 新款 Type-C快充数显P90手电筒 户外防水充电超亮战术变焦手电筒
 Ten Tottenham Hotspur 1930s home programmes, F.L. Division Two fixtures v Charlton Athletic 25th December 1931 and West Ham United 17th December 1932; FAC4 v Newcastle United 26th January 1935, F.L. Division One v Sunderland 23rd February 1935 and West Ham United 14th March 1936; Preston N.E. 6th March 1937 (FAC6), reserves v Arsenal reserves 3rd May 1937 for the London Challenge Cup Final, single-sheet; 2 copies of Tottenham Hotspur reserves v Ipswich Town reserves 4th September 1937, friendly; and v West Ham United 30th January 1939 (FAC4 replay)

--*--

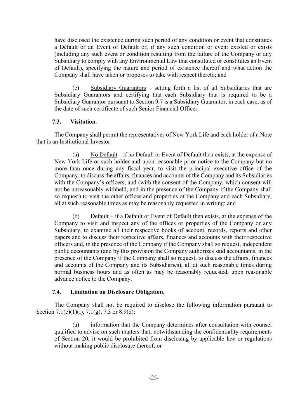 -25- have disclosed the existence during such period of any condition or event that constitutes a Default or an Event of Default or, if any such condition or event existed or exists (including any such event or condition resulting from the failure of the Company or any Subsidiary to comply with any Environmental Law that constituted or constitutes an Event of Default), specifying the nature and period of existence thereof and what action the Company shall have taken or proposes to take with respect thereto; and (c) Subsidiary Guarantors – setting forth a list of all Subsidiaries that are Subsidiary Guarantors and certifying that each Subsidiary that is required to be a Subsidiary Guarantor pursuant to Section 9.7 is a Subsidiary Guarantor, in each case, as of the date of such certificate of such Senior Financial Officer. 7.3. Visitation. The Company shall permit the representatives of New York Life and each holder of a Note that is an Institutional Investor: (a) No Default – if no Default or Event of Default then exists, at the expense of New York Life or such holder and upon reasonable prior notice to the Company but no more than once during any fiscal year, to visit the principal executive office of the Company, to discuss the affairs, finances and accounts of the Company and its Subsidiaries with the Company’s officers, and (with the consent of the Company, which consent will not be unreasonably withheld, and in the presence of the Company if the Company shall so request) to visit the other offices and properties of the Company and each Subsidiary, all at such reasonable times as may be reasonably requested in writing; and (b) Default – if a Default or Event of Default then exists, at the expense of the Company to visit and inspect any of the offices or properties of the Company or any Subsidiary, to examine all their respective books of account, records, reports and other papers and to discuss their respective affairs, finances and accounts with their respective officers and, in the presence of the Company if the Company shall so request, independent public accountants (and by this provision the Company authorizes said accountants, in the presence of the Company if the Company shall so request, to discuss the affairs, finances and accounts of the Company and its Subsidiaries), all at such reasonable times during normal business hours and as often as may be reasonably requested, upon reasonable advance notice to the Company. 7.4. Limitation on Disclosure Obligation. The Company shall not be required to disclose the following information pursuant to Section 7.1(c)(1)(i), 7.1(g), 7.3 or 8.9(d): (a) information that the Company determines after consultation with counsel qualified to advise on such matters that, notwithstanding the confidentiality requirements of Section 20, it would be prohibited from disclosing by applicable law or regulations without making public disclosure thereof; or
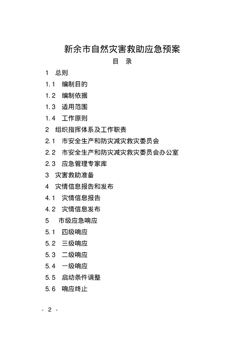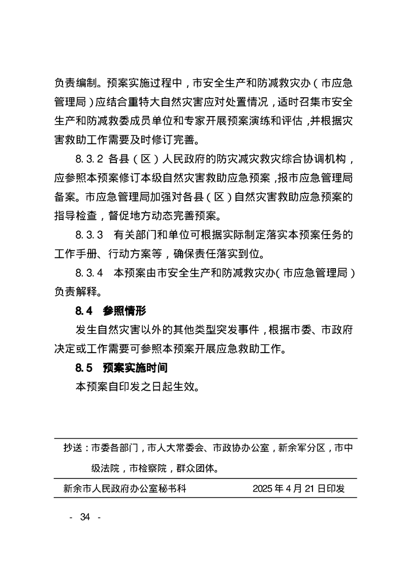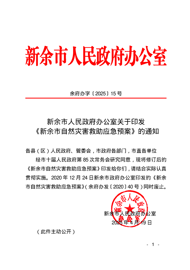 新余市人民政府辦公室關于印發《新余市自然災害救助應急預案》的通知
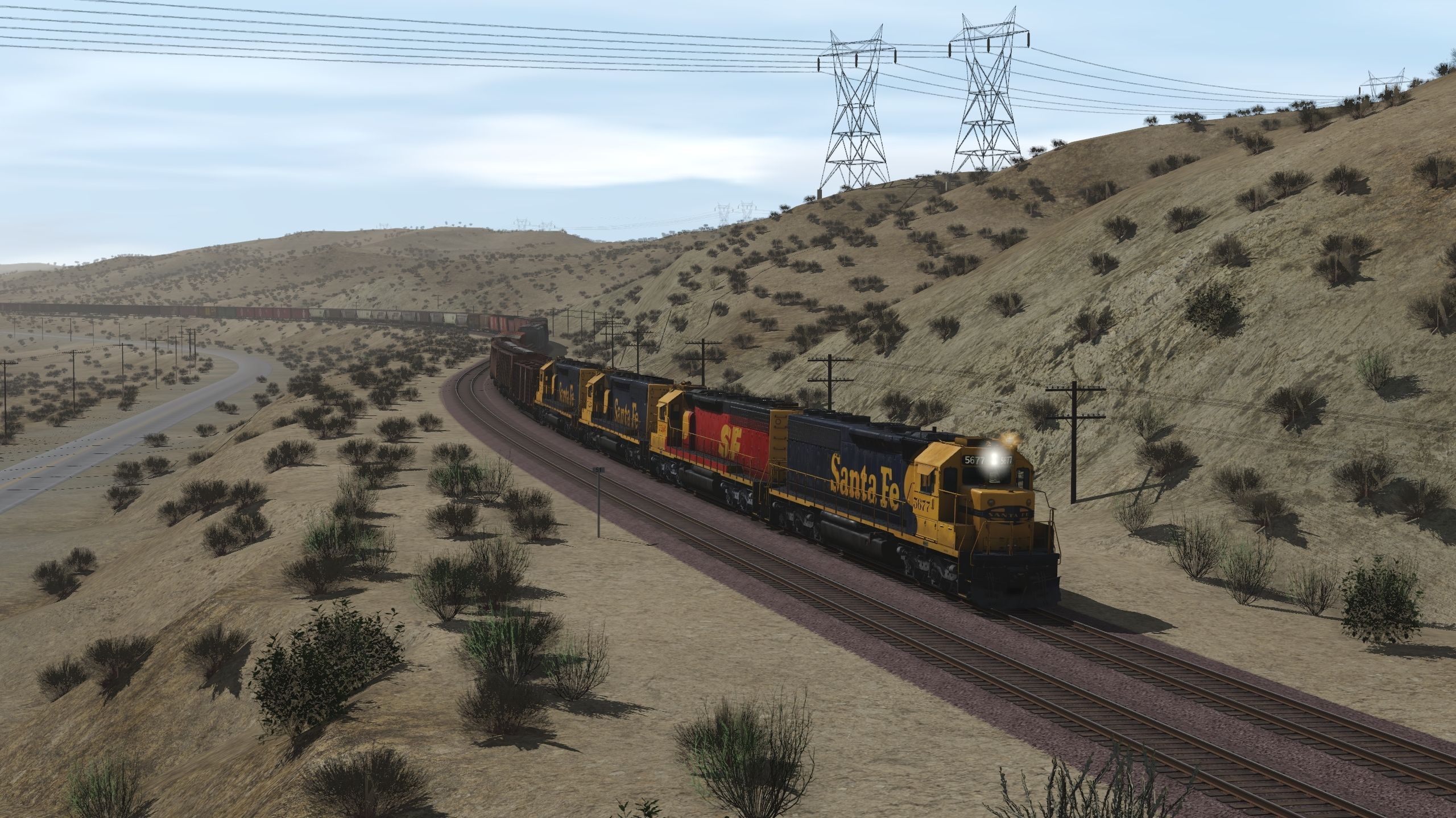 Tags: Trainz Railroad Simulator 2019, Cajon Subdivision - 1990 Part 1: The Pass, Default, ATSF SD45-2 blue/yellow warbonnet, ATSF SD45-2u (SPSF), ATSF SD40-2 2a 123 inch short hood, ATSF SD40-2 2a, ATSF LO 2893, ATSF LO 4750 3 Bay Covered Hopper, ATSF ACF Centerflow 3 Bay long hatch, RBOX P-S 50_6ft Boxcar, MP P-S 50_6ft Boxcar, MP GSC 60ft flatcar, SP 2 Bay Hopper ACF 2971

--*--

■ What you have to do ■
Go to the line with "新款 Type-C快充数显P90手电筒 户外防水充电超亮战术变焦手电筒" in the entries above and repeat every line from there through the line with "Ten Tottenham Hotspur", exactly and with no other text.

■ Task answer ■
 新款 Type-C快充数显P90手电筒 户外防水充电超亮战术变焦手电筒
 Ten Tottenham Hotspur 1930s home programmes, F.L. Division Two fixtures v Charlton Athletic 25th December 1931 and West Ham United 17th December 1932; FAC4 v Newcastle United 26th January 1935, F.L. Division One v Sunderland 23rd February 1935 and West Ham United 14th March 1936; Preston N.E. 6th March 1937 (FAC6), reserves v Arsenal reserves 3rd May 1937 for the London Challenge Cup Final, single-sheet; 2 copies of Tottenham Hotspur reserves v Ipswich Town reserves 4th September 1937, friendly; and v West Ham United 30th January 1939 (FAC4 replay)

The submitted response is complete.